▶ [Exercise objective]
Leave the pictures out and transcribe every record exactly.

▶ [Data extract]
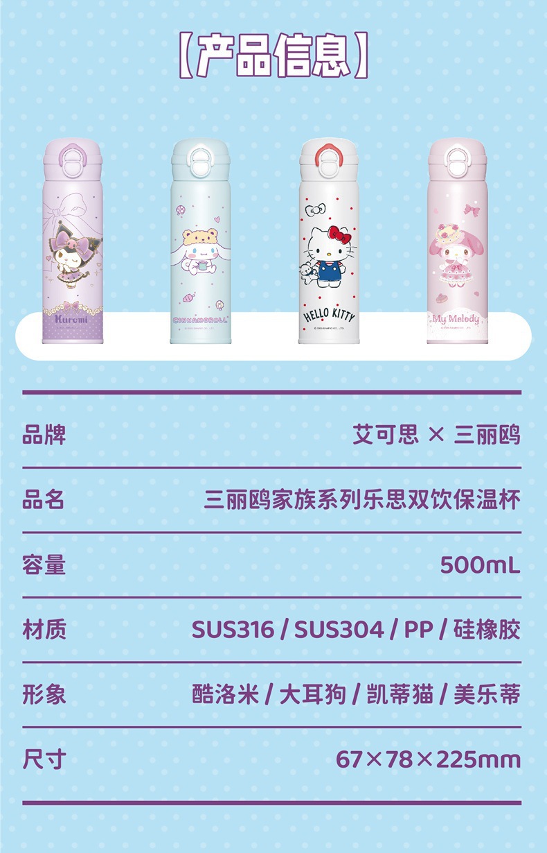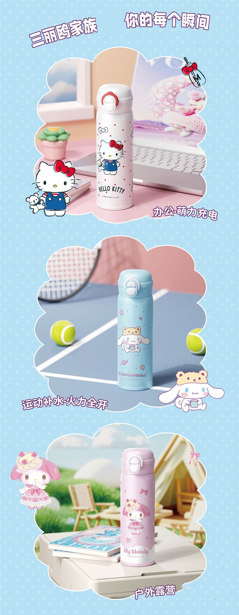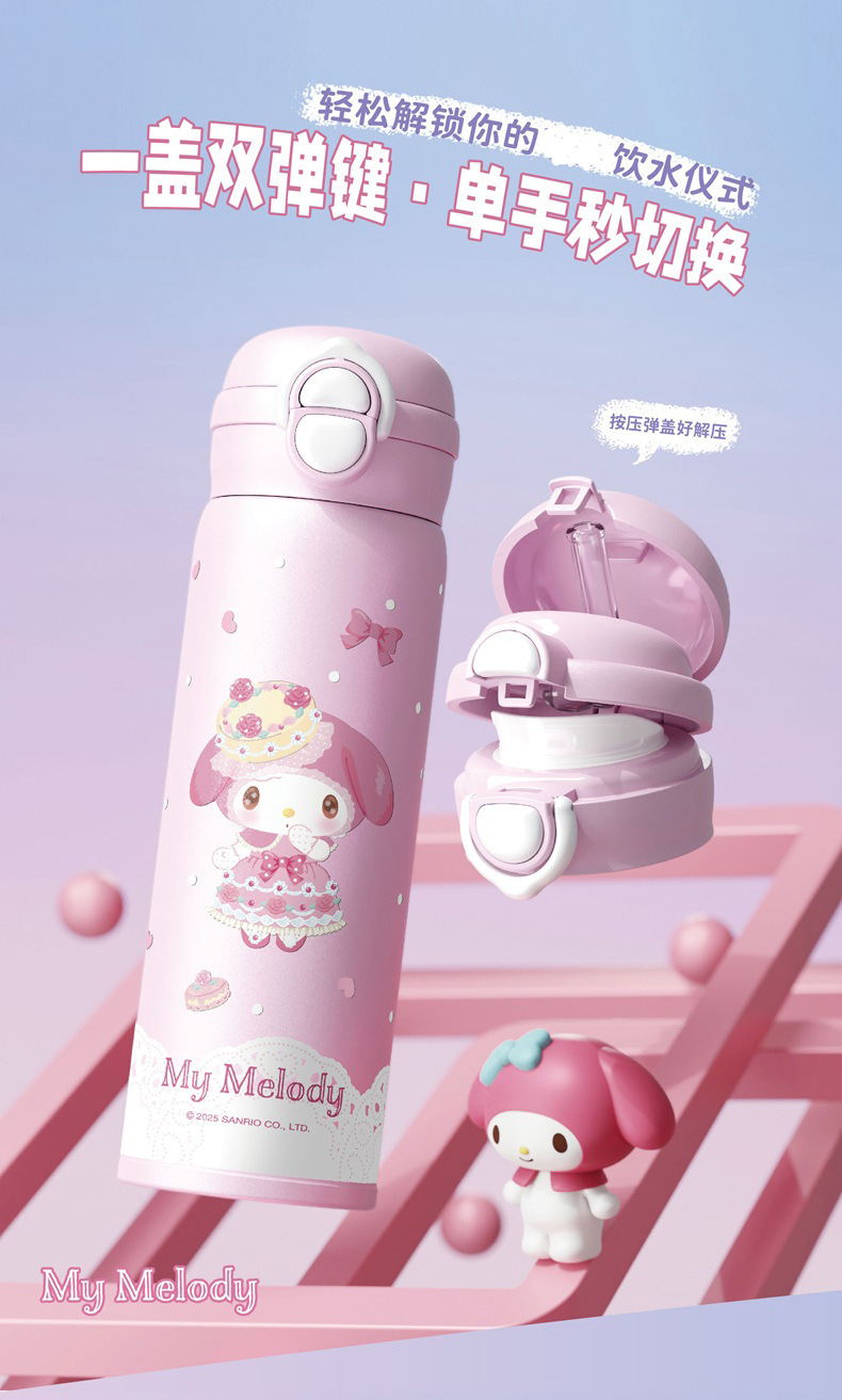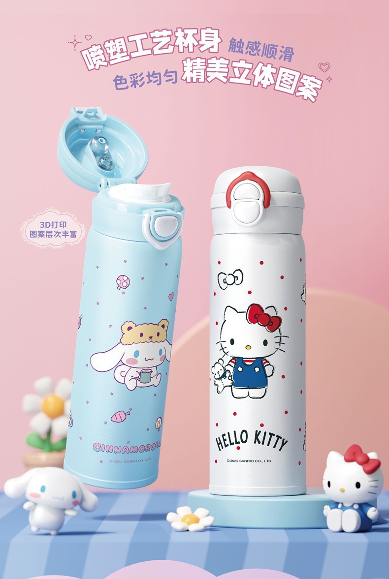 남학생과 여학생을 위한 산리오 레시 더블 드링크 보온병 컵 귀여운 만화 휴대용 밀짚 컵 새로운 316 워터 컵스토어 가기
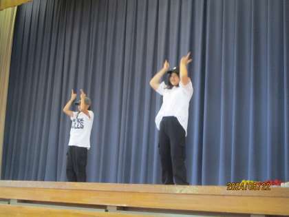 6年生 全校集会がありました! 公開日 2024/05/24 更新日 2024/05/24 第6学年 自分たちの得意なことを披露する「自慢大会」が全校でありました。6年生は、ダンスチーム、バスケチーム、お笑いチームの3チームが出場しました。子供たちは、今日のために練習を重ね、全校の前で堂々とパフォーマンスを披露することができました。子供たちは「出てよかった」と言っており、とても満足した自慢大会になったようです。
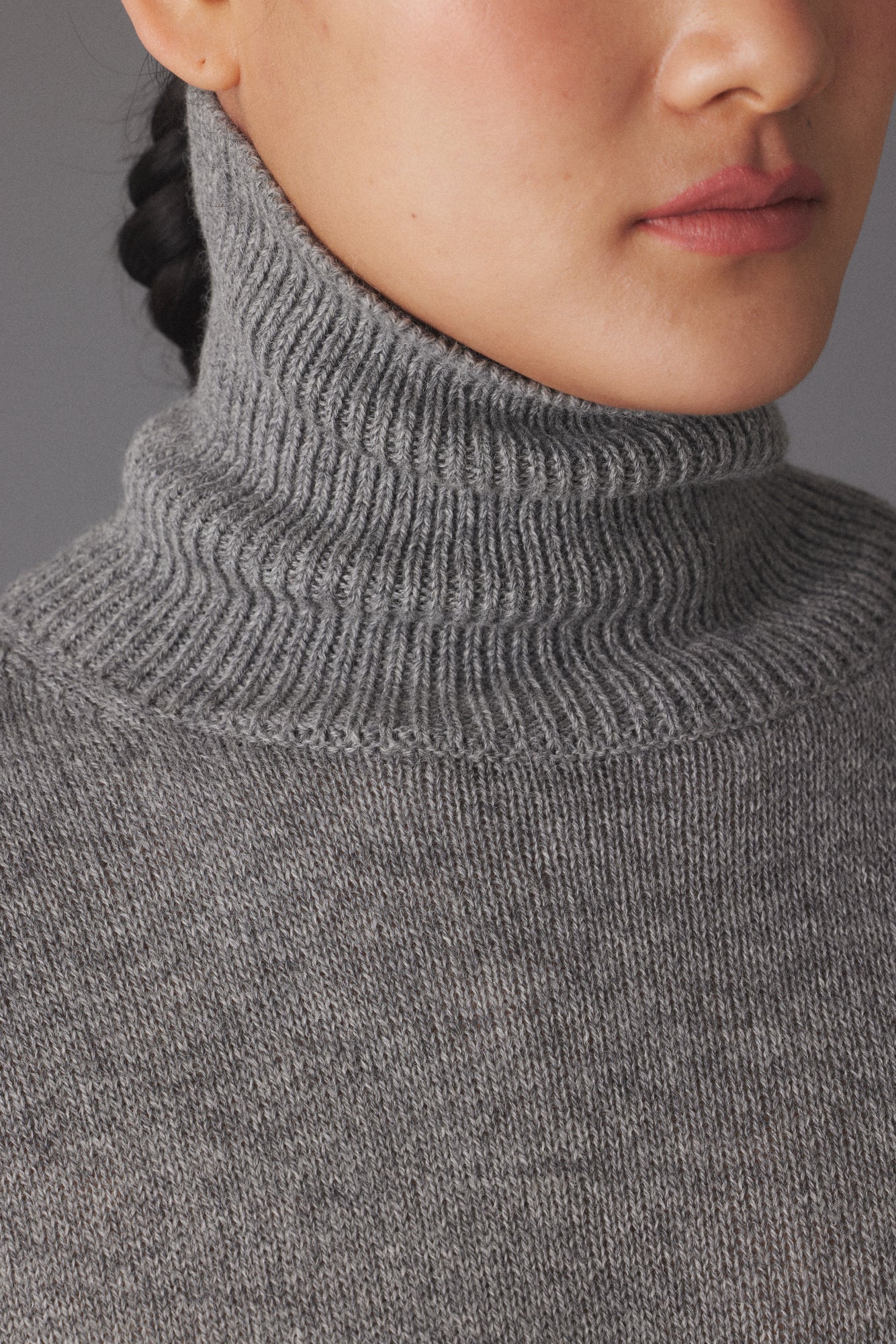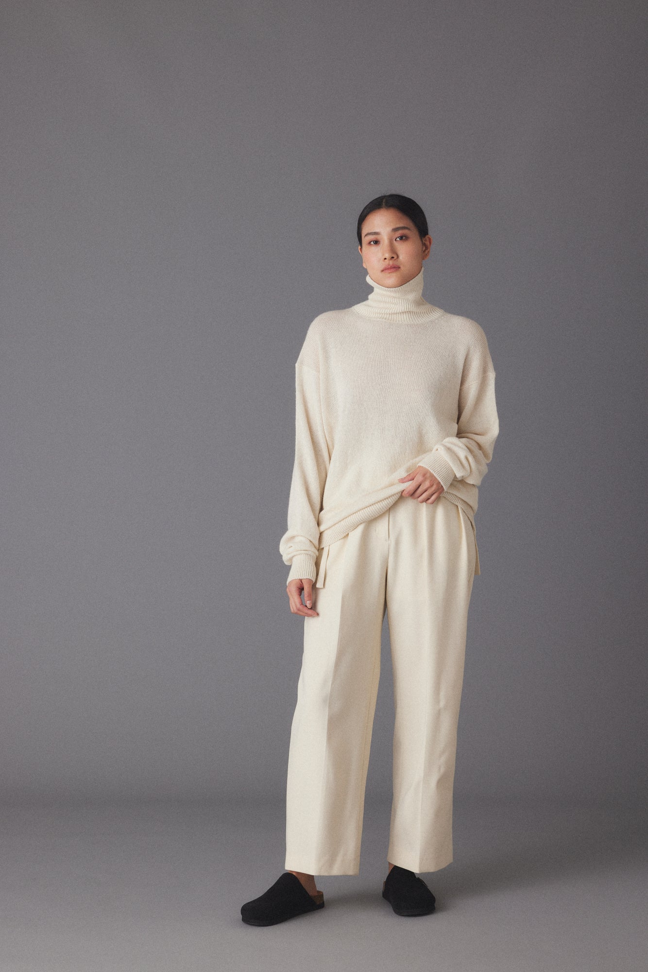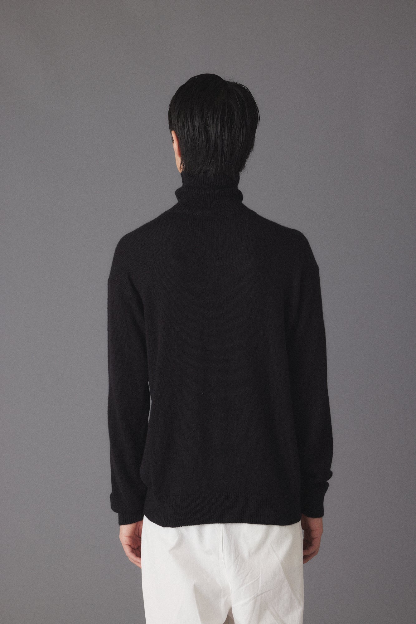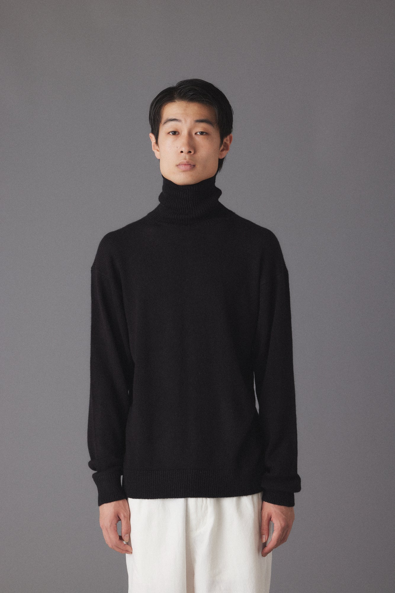 ややゆったりとしたシルエットで編み上げたタートルネックのプルオーバーデザイン。
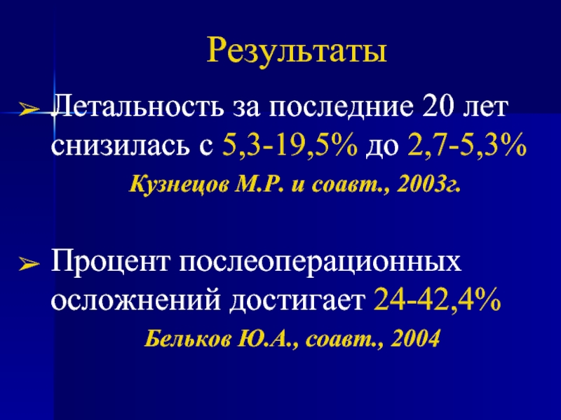 Тромбозы реконструируемых сосудов – 18,5-24,6%
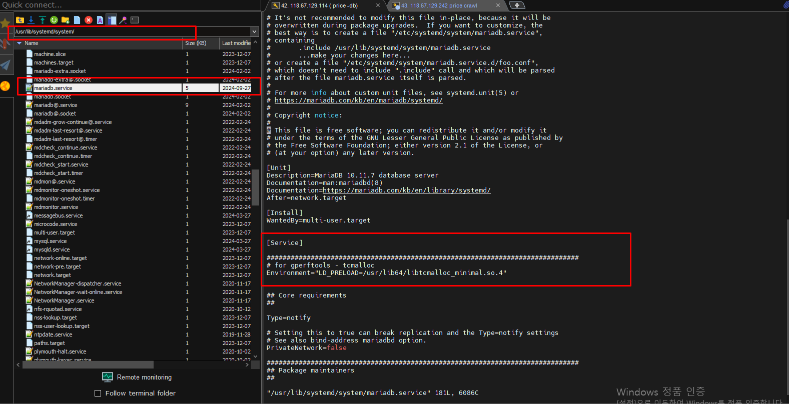 밑으로는 TC Malloc 을 을 mariadb 에설정하는 과정이다.
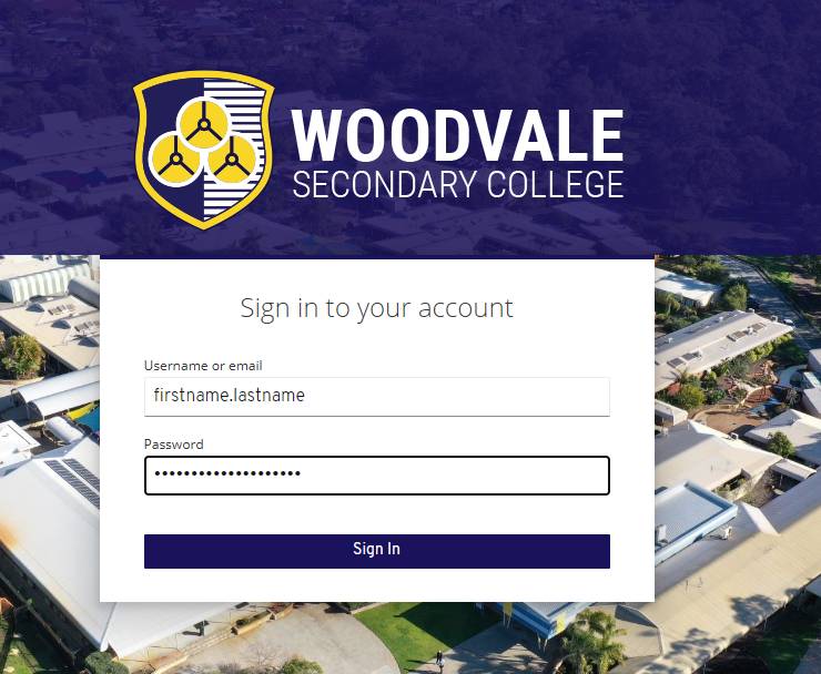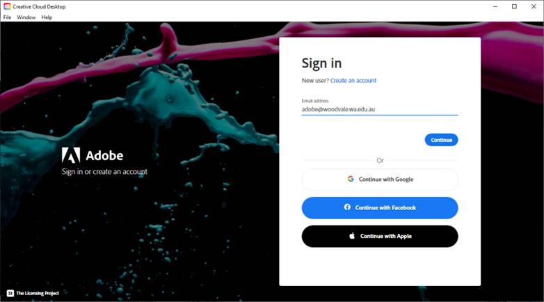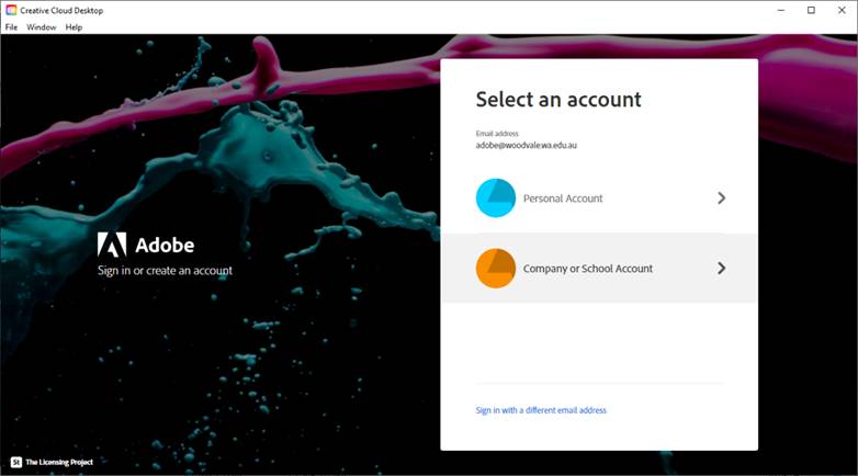 in, at the Adobe screen below use adobe@woodvale.wa.edu.au as the email address and select “Company or School Account” on the next

▶ [Task answer]
 남학생과 여학생을 위한 산리오 레시 더블 드링크 보온병 컵 귀여운 만화 휴대용 밀짚 컵 새로운 316 워터 컵스토어 가기
 6年生 全校集会がありました! 公開日 2024/05/24 更新日 2024/05/24 第6学年 自分たちの得意なことを披露する「自慢大会」が全校でありました。6年生は、ダンスチーム、バスケチーム、お笑いチームの3チームが出場しました。子供たちは、今日のために練習を重ね、全校の前で堂々とパフォーマンスを披露することができました。子供たちは「出てよかった」と言っており、とても満足した自慢大会になったようです。
 ややゆったりとしたシルエットで編み上げたタートルネックのプルオーバーデザイン。
 Тромбозы реконструируемых сосудов – 18,5-24,6%
 밑으로는 TC Malloc 을 을 mariadb 에설정하는 과정이다.
 in, at the Adobe screen below use adobe@woodvale.wa.edu.au as the email address and select “Company or School Account” on the next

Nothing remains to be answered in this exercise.